Example: /Alfred (Price|Renyi)/
will perform a regular expression against the terms in document.
The regular expressions can also be used with field scoping.
Example: author:/Alfred.*/
- cURL
- Python
- JavaScript
- Golang
curl --location 'http://api.xian.glitter.link/blockved/glitterchain/index/sql/query' \
--header 'Content-Type: application/json' \
--data '{
"sql":"SELECT * FROM bookshop.book WHERE query_string('\''author:/Alfred.*/'\'')"
}'
db = client.db(mk)
sql = "select * from bookshop.book where query_string('author:/Alfred.*/')"
rst = db.query(sql)
const sql =
"select * from bookshop.book where query_string('author:/Alfred.*/')";
const db = client.db(mk);
await db.query(sql);
sql = "select * from bookshop.book where query_string('author:/Alfred.*/')"
resp, err := glitterClient.Query(ctx, sql)
Required, Optional, and Exclusion
When your query string includes multiple items, by default these are placed into the SHOULD clause of a Boolean Query.
You can change this by prefixing your items with a + or ‘-’. _ ‘+’ Prefixing with plus places that item in the MUST portion of the boolean query. _ ‘-’ Prefixing with a minus places that item in the MUST NOT portion of the boolean query.
Example: +name:"Come Prima" -author:"Simona Vinci"
will perform a Boolean Query that MUST satisfy the Match Query for the term Come Prima
in the name
field, MUST NOT satisfy the Match Query for the term Simona Vinc
in the author
field.
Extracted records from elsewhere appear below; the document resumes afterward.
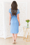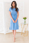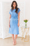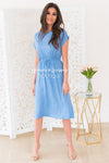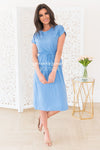 Perfect comfy cozy classy shirt dress. Featuring rounded neckline, short cuffed sleeves, front pocket, elastic drawstring waist, and darling modest hemline slits. Get yours today!
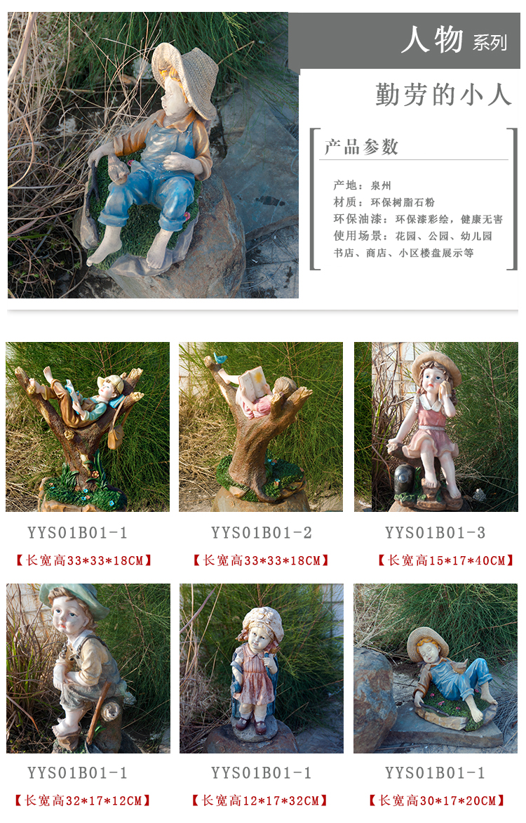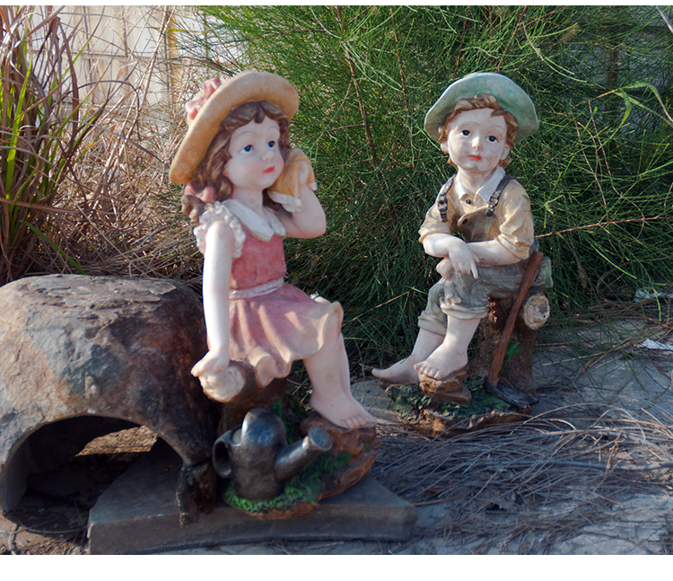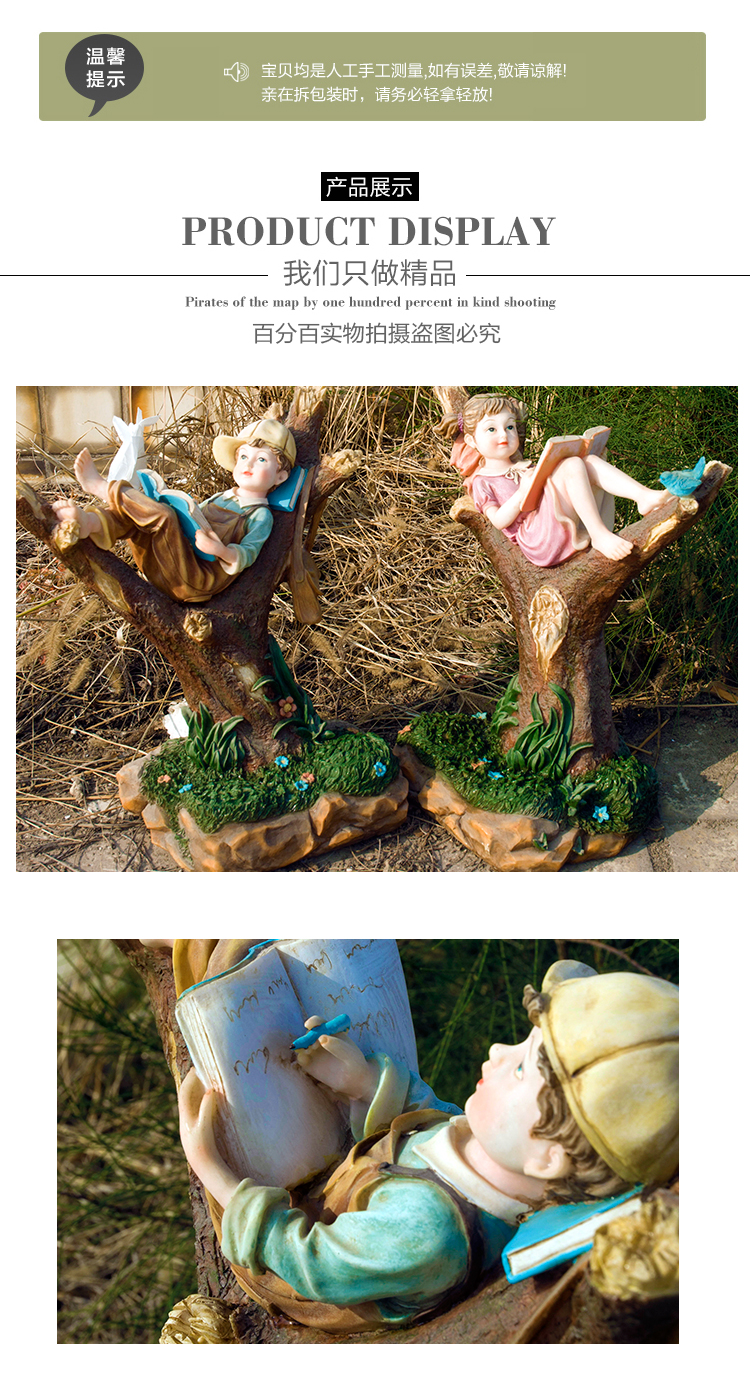YYS01B01-1讀書男孩女孩園林景觀雕塑田園擺件戶外工藝家居招財風水樹脂禮品
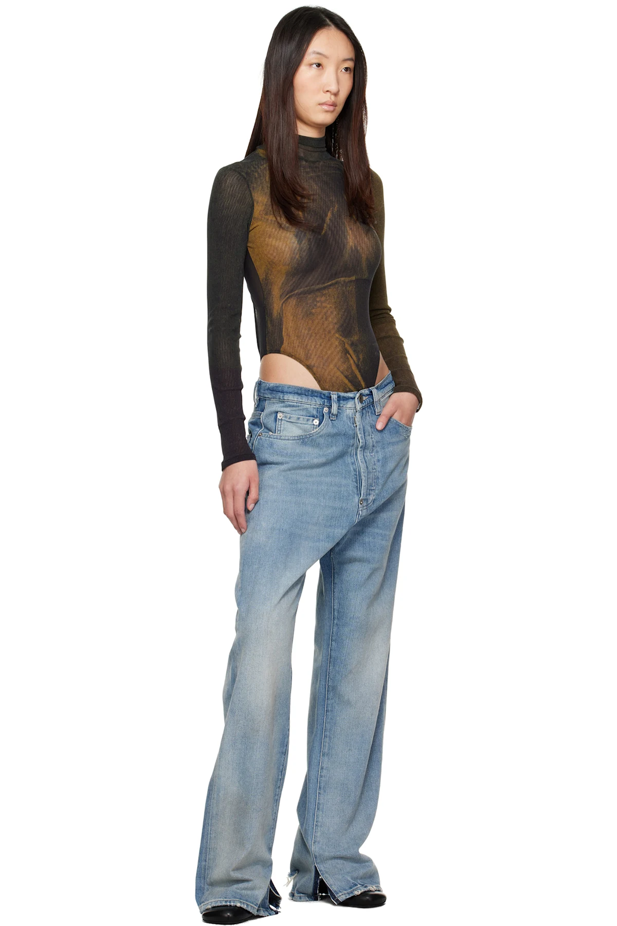 Nylon mesh bodysuit. Graphic printed throughout.
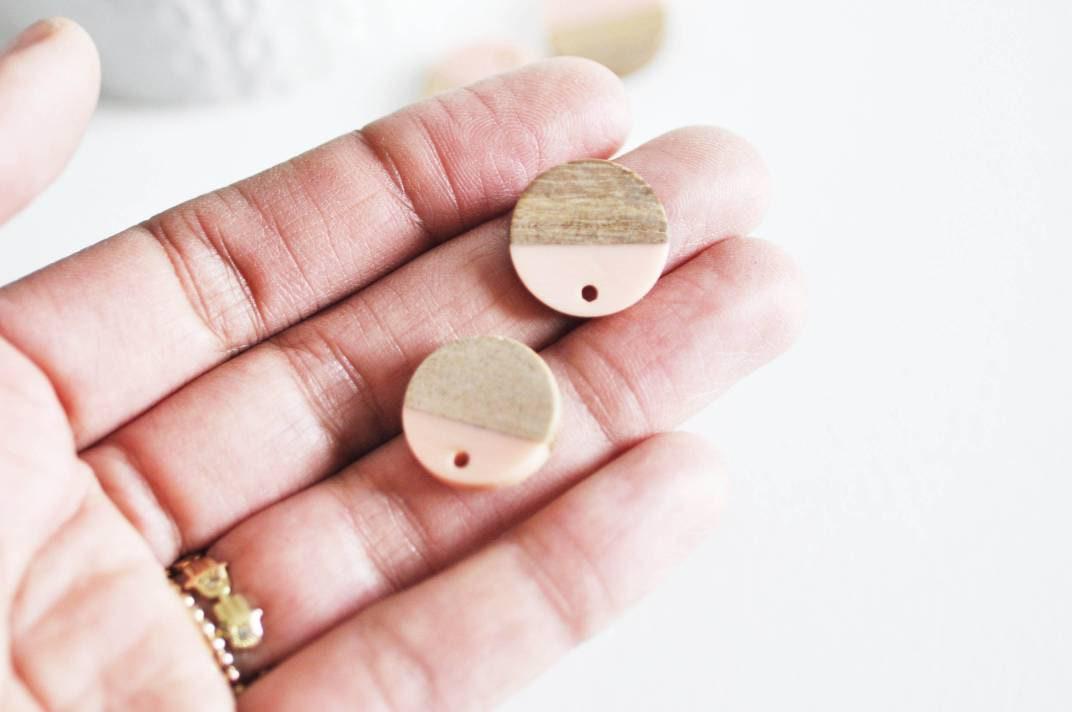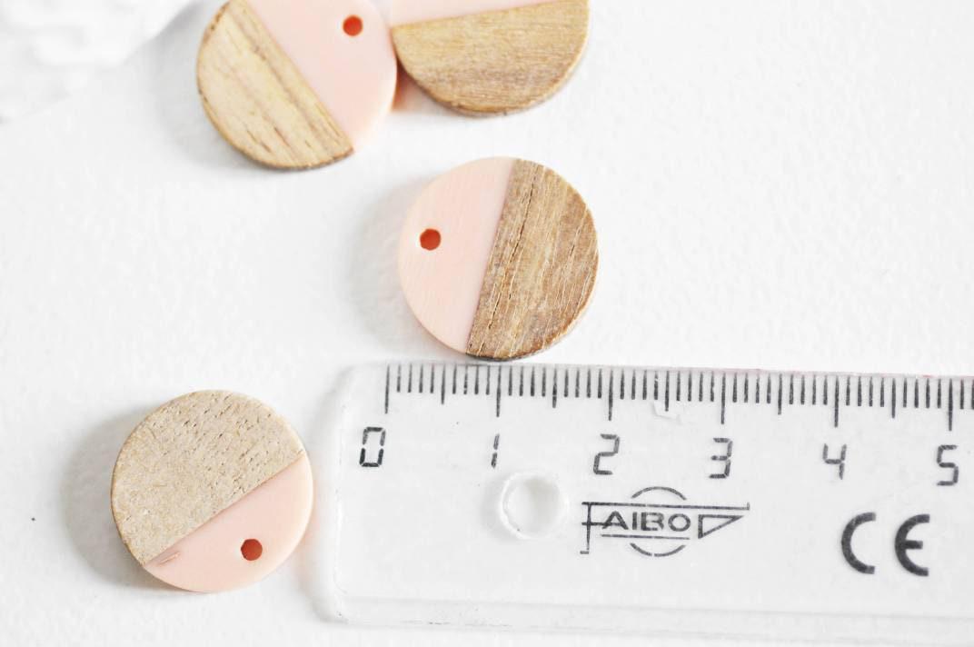Colgantes de disco de madera y resina rosa que permiten realizar colgantes muy bonitos o bucles completos de espíritu geométrico.
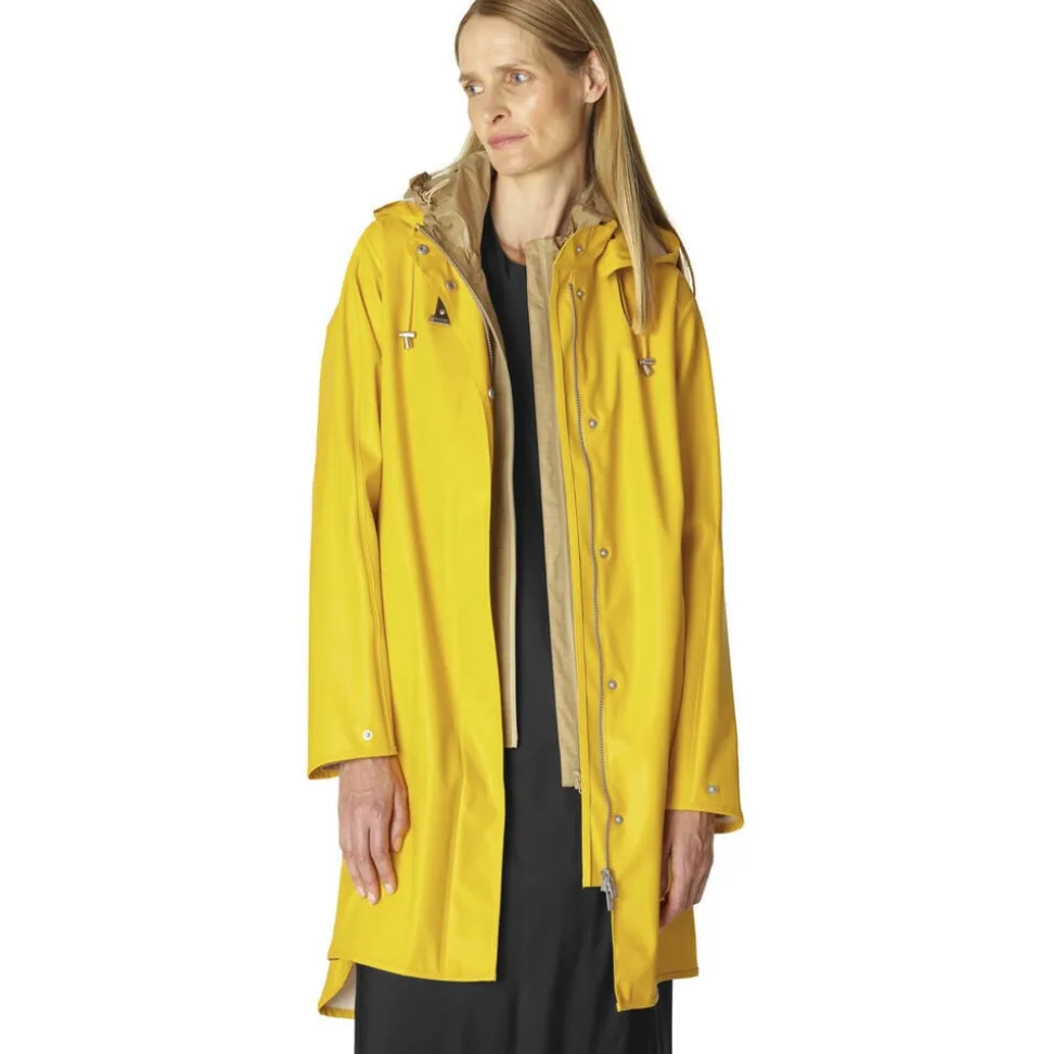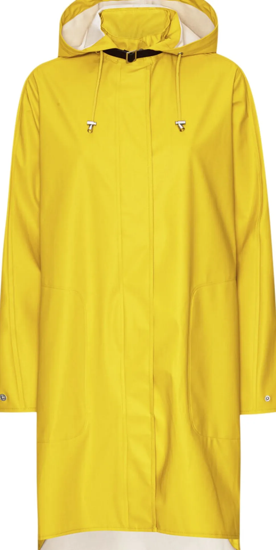 En feminin A-formet regnfrakke med Løs pasform under knæet. Regnfrakken har et diskret Ilse Jacobsen Hornbæk-logo præget på venstre ærme. Hætten er aftagelig og fastgjort med en vejrbestandig strop i kunstlæder. Stilen har sidelommer med flapper, smarte slidser i sidesømmene med trykknapper, knaplukning ved håndleddet og en 2-vejs YKK-lynlås midt foran. Indvendigt har stilen en ren og fin finish med et logobånd. Kvaliteten er en let og subtil vandtæt gummibelagt PU med polyester tricot på bagsiden, og alle sømme er dobbeltsvejsede. Stilen fås i et bredt udvalg af både klassiske og sæsonbestemte farver. Sammensætning: 100 % polyester trikot med PU-belægning. Funktionalitet: B/P 5000 mm

Result documents satisfying the SHOULD clause will score higher than those that do not.
- cURL
- Python
- JavaScript
- Golang
curl --location 'http://api.xian.glitter.link/blockved/glitterchain/index/sql/query' \
--header 'Content-Type: application/json' \
--data '{
"sql":"SELECT * FROM bookshop.book WHERE query_string('\''+name:\"Come Prima\" -author:\"Simona Vinci\"'\'')"
}'
db = client.db(mk)
sql = "select * from bookshop.book where query_string('+name:\"Come Prima\" -author:\"Simona Vinci\"')"
rst = db.query(sql)
const sql =
'select * from bookshop.book where query_string(\'+name:"Come Prima" -author:"Simona Vinci"\')';
const db = client.db(mk);
await db.query(sql);
sql = "select * from bookshop.book where query_string('+name:\"Come Prima\" -author:\"Simona Vinci\"')"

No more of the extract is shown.